I understand this is caused by the the @timestamp in Logstash is in UTC timezone by default. @magnusbaeck said this is not configurable and not a problem in this post but in my case, it is a problem.
Expected result: Last group of data should be 29 Feb with index something-2020.02. Instead it was on first day of March with same index something-2020.02. Because as the first batch of data coming in 1st March, the actual UTC @timestamp will still be on 29th Feb, hence data was parsed into index something-2020.02, instead of creating new index something-2020.03. My timezone is GMT+8.
Setting the visualization tool timezone to UTC does solve the problem but I would rather stay in the browser local timezone. Is there any way to optimize my configuration to achieve the expected result?
We are using ES to serve as a service for client as a Data usage monitoring service. The idea is client will always see the most update data usage in current month, that explain we overwriting the same ID in the index. Proceeding to next month, a new monthly index will be created and last month index should be stopped updating and stay the same as the last update in last day of month. So the client will still be able to check last month data usage.

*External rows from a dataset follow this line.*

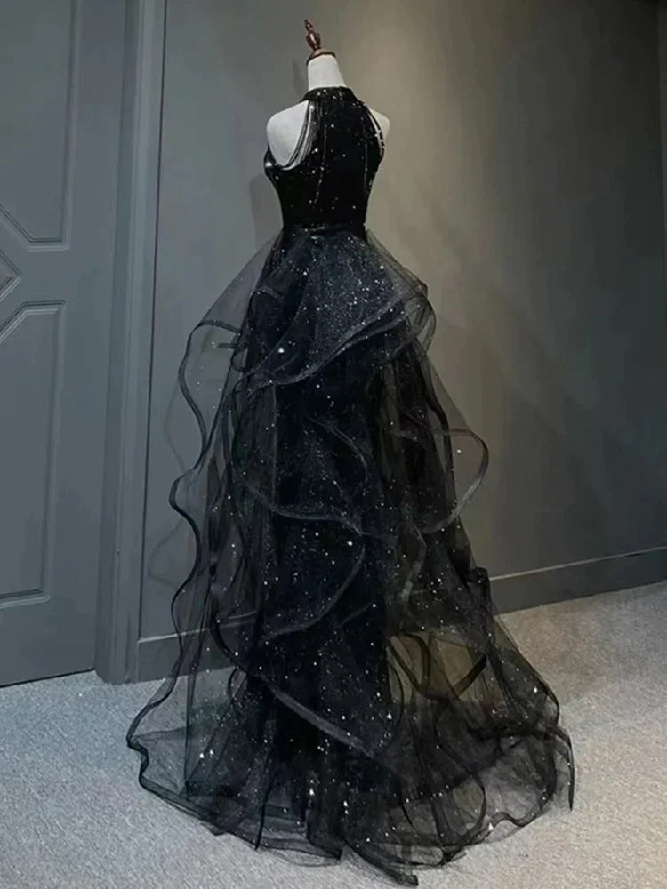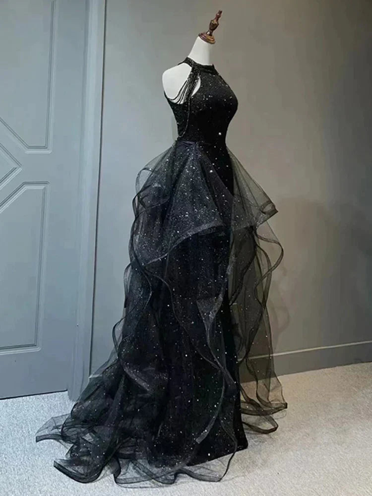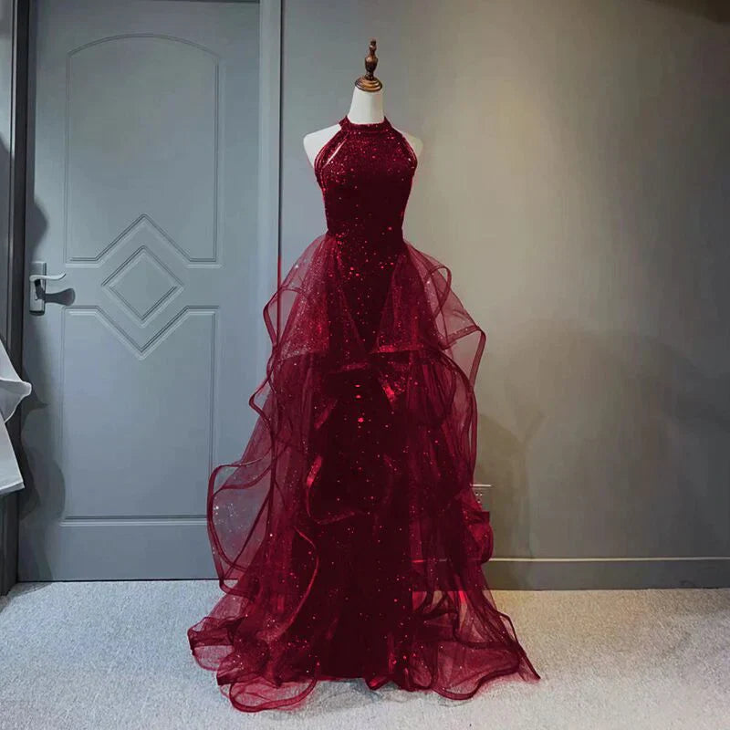 Wine Red Sequins and Tulle Halter Long Prom Dress, Wine Red Evening Dress
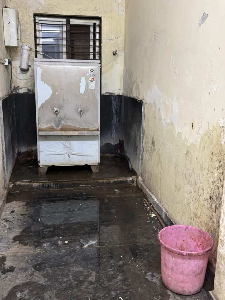 बच्चे कर रहे वाटर कूलर साफ़ : प्रभारी कर रहे ऐसी में आराम
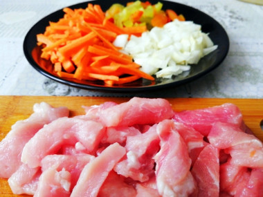 Мясо помойте, хорошо обсушите. Нарежьте мясо средними брусочками.
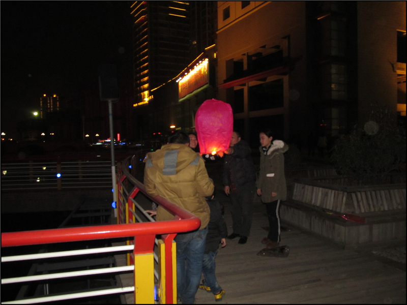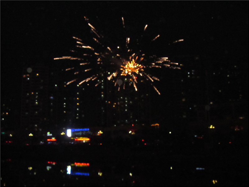 元宵节也叫团圆节,每年我们都会去婆婆家度过这样一个节日,可是因为老公一大早出差,所以没能去成。老公在下午5点前回来的,老妈已经做好了饭菜等待我们,吃过饭一家人去沂河看烟花,但是发现人来人往的都奔向万兴都,询问后才知道,原来因为雾霾的问题,所以今年取消放烟花,但是万兴都有年货大街的缘故,就会比较热闹,而且也有人和店家会放烟花,因此我们只好改道,去了万兴都看烟花。 人可真多啊,而且特别热闹,都在熙熙攘攘的放烟花、放孔明灯,孩子们嬉闹着。在沂河边,我们欣赏着烟花,有时会很多家一起放,有时会放一个大的漂亮的烟花,然后中间就突然停个好几分钟。每次我都拿起了相机调好了角度开始拍,然后只会拍到残影。等着漂亮的烟花,又会拿相机比较累又冷,还耽误和儿子老公一起玩,于是老公就建议欣赏吧,别拍了,美丽的景象留在心中就好,能拍下老公儿子就是最棒的。
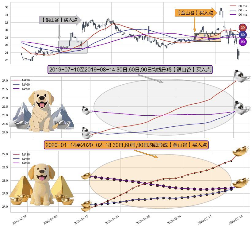 ⚃ 2020-01-15-日至2020-02-18-日显现 30日-60日-90日均线 【金山谷】买入点 其再次确认了买入信号,可靠性更强,买入
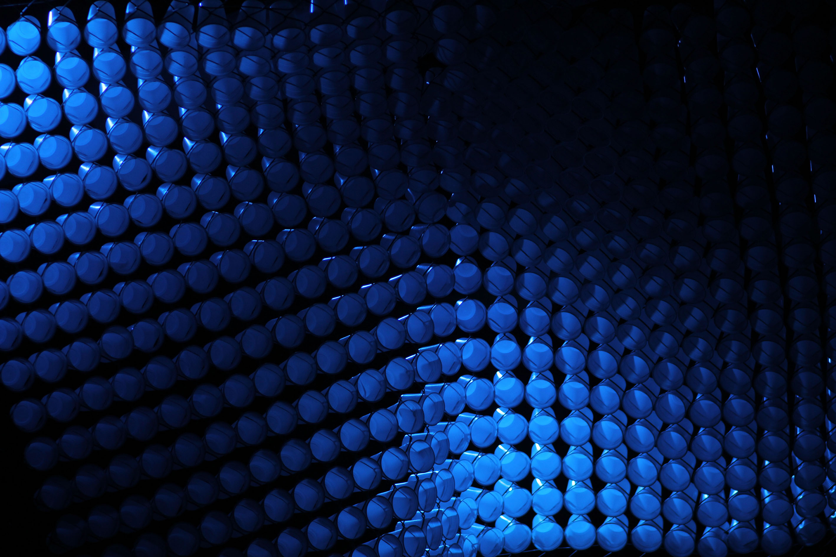 Structure en grillage et gobelets en plastique.
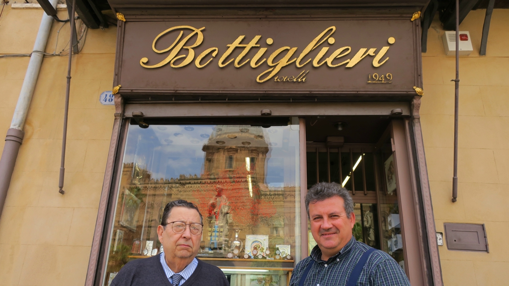 The cathedral is reflected in the two glittering display cases offering the collections created by Domenico, a representative of the third generation. It bears the name of the grandfather who also repaired tower clocks in the ’40s. His son Alberto expanded the business with jewelry and today he assists his son Domenico who offers a precious collection, the result of serious artisanal work. Rings, brooches, necklaces, bracelets, just to name a few of the jewels suitable for any occasion. The passion for history and tradition led to the collection inspired by Frederick II, also appreciated by the Queen of Holland.
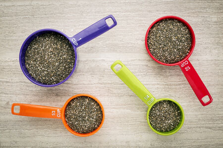 chia seeds in colorful, plastic, measuring cups against ceramic tile background - top view

In this case however, the last month index is being updated in current month which means there is no data last month, whereas last month data combine with current month data, we have duplicated data for current month.
If you are trying to filter data the timestamp of data using the index name then you have an architectural problem that is a fundamental conflict with the use of elasticsearch. elasticsearch lets you query data by timestamp across any set of indexes. You can ask for all last month's records. It doesn't matter which indexes they come from. Generally it will ignore records much faster than it will try to include records, so ignoring large numbers of records is not a huge problem.
As you are updating documents it may make sense to not use time-based indices. This means that you need to delete data using delete-by-query rather than simply deleting indices, but if the data volumes are not huge this may be fine even though it is less efficient. In order to store the latest version for each calendar month I would recommend considering generating the document_id as a concatenation of the accid, year and month rather than relying on separating the data by index.
In fact I realised our visualization tool(Grafana) is only using timestamp to query the data base on the dynamic time frame user define. The thing is, the monthly index can help to put a stop at last day of month so when the time frame covers last month, there is data to be query. Now the last day of month data was pushed one day further to the first day of next month, due to the timezone difference in Logstash(UTC) and Grafana(GMT+8).
In this example, there is no data from 1st Feb to 29th Feb, because they are overwritten in 1st Mar.
generating the document_id as a concatenation of the accid , year and month rather than relying on separating the data by index.
Would you please elaborate more in term of Logstash configuration?
I found out our tool is not actually using the monthly index for query but the index serves the purpose to stop data overwriting iccid if new month has started.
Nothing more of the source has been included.